The Reserve Bank of India's (RBI’s) surprise CRR (cash reserve ratio) cut is enough a reason to bring cheers to the market on Monday morning. However, going ahead, it seems unlikely the up move will be sustainable during the week. RBI, in a surprise move, on Friday, lowered the CRR by 75 basis points, days ahead of its monetary policy review on March 15.
This week, the Sensex touched a high of 17,692, and then slipped to a low of 17,008. The index eventually ended with a loss of 134 points at 17,503.
Among the index stocks, Hindalco slumped nine per cent to Rs 135. Sterlite, BHEL, Gail India, Reliance and Tata Power were the other major losers, down five-eight per cent each. Tata Motors, however, rallied nearly 4.5 per cent to Rs 279. ITC, HDFC, ICICI Bank, Coal India and Maruti were the other notable gainers.

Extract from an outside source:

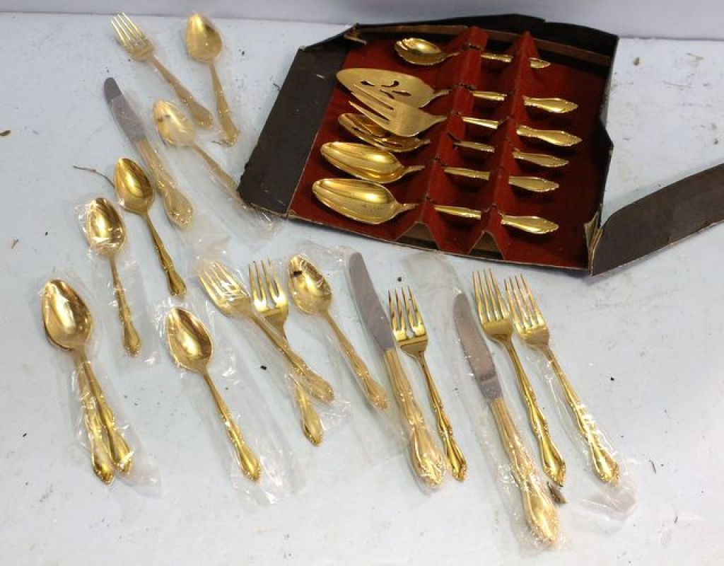 Including three salad forks, three dinner forks, five teaspoons, three tablespoons, three knives, sugar spoon, three serving spoons, fork and pie server Including three salad forks, three dinner forks, five teaspoons, three tablespoons, three knives, sugar spoon, three serving spoons, fork and pie server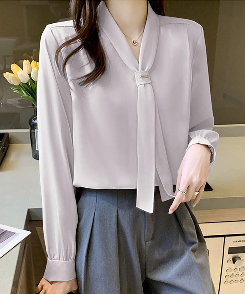 「[Yino] リボンブラウス」は、魅力的なボウタイデザインが特徴の長袖シャツです。Vネックとパフスリーブの組み合わせが、フェミニンな印象を与え、オフィスやデートなど様々なシーンで活躍します。シンプルながらも洗練されたスタイルを演出します。

With RBI event more or less out of the way, the market focus will be on the Union Budget on March 16. Hence, expect higher volatility towards the end of the week.

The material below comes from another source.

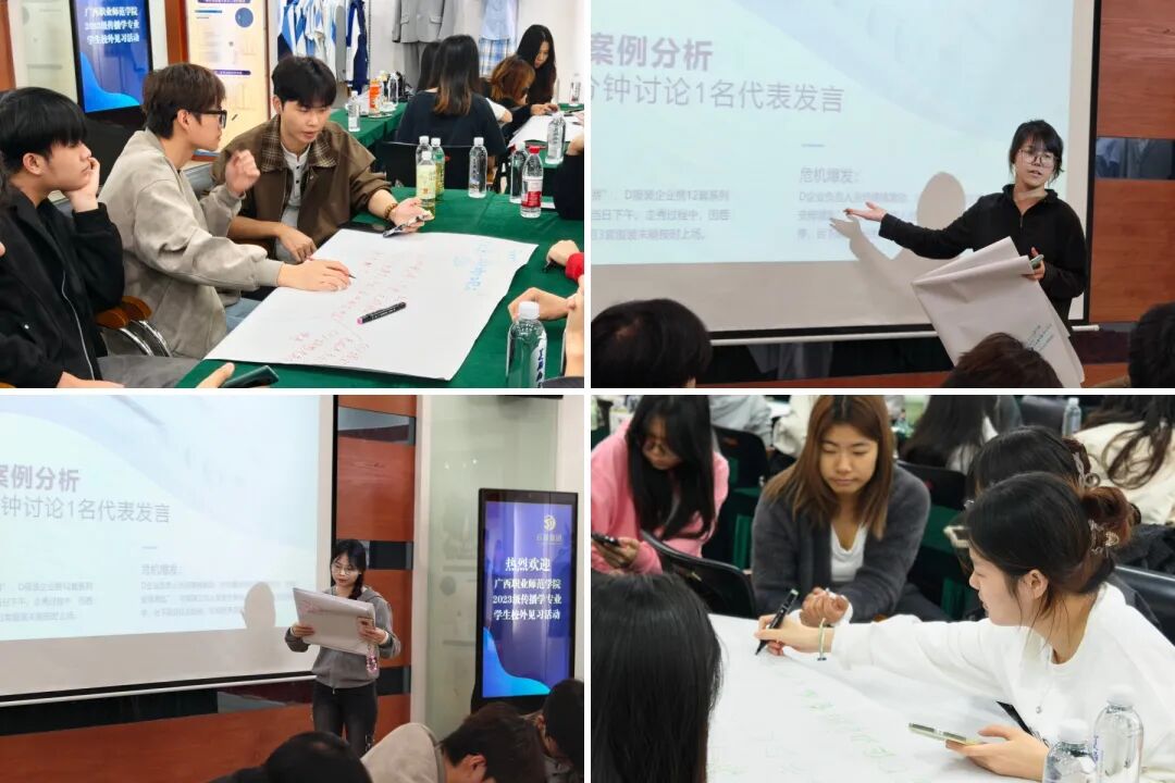 為增強見習活動的互動性,各小組圍繞企業(yè)提供的真實傳播案例展開討論。之后由各小組代表上臺進行匯報發(fā)言。這一環(huán)節(jié)鍛煉了學生的分析表達與團隊協作能力。

According to the Fibonacci chart, the Sensex has given a weak signal - both on the monthly and quarterly charts. Acco-rdingly, the Sensex is likely to face stiff resistance around 18,075 and 18,300. On the downside, the index could test 16,500 this month.
Next week, a gap-up opening seems very much likely. The Sensex may clear its first hurdle around 17,765. The next hurdle for the index is around 17,925. Longer the index stays above it, better it would be for the markets. On the downside, the index could test 17,240-17,080.
The NSE Nifty moved in a range of 200 points - the index touched a high of 5,382, and a low of 5,171. The index finally ended with a marginal loss of 26 points at 5,334.
The Nifty corrected 38.2 per cent of the previous rally (from 4,531 to 5,629) at 5,171, before bouncing back a wee bit. On the upside, the index is now likely to face resistance around 5,450. Consistent trade above 5,450 could pave the way for the index to re-test its recent high of 5,630.
However, a failure to sustain above 5,450 could mean a fresh correction to 50 per cent re-tracement levels, which indicates a target of 5,050-odd levels.
The momentum oscillators, both on the daily and the weekly charts, indicate consolidation. The key levels to watch out for could be 5,450 on the upside and 5,200 on the downside.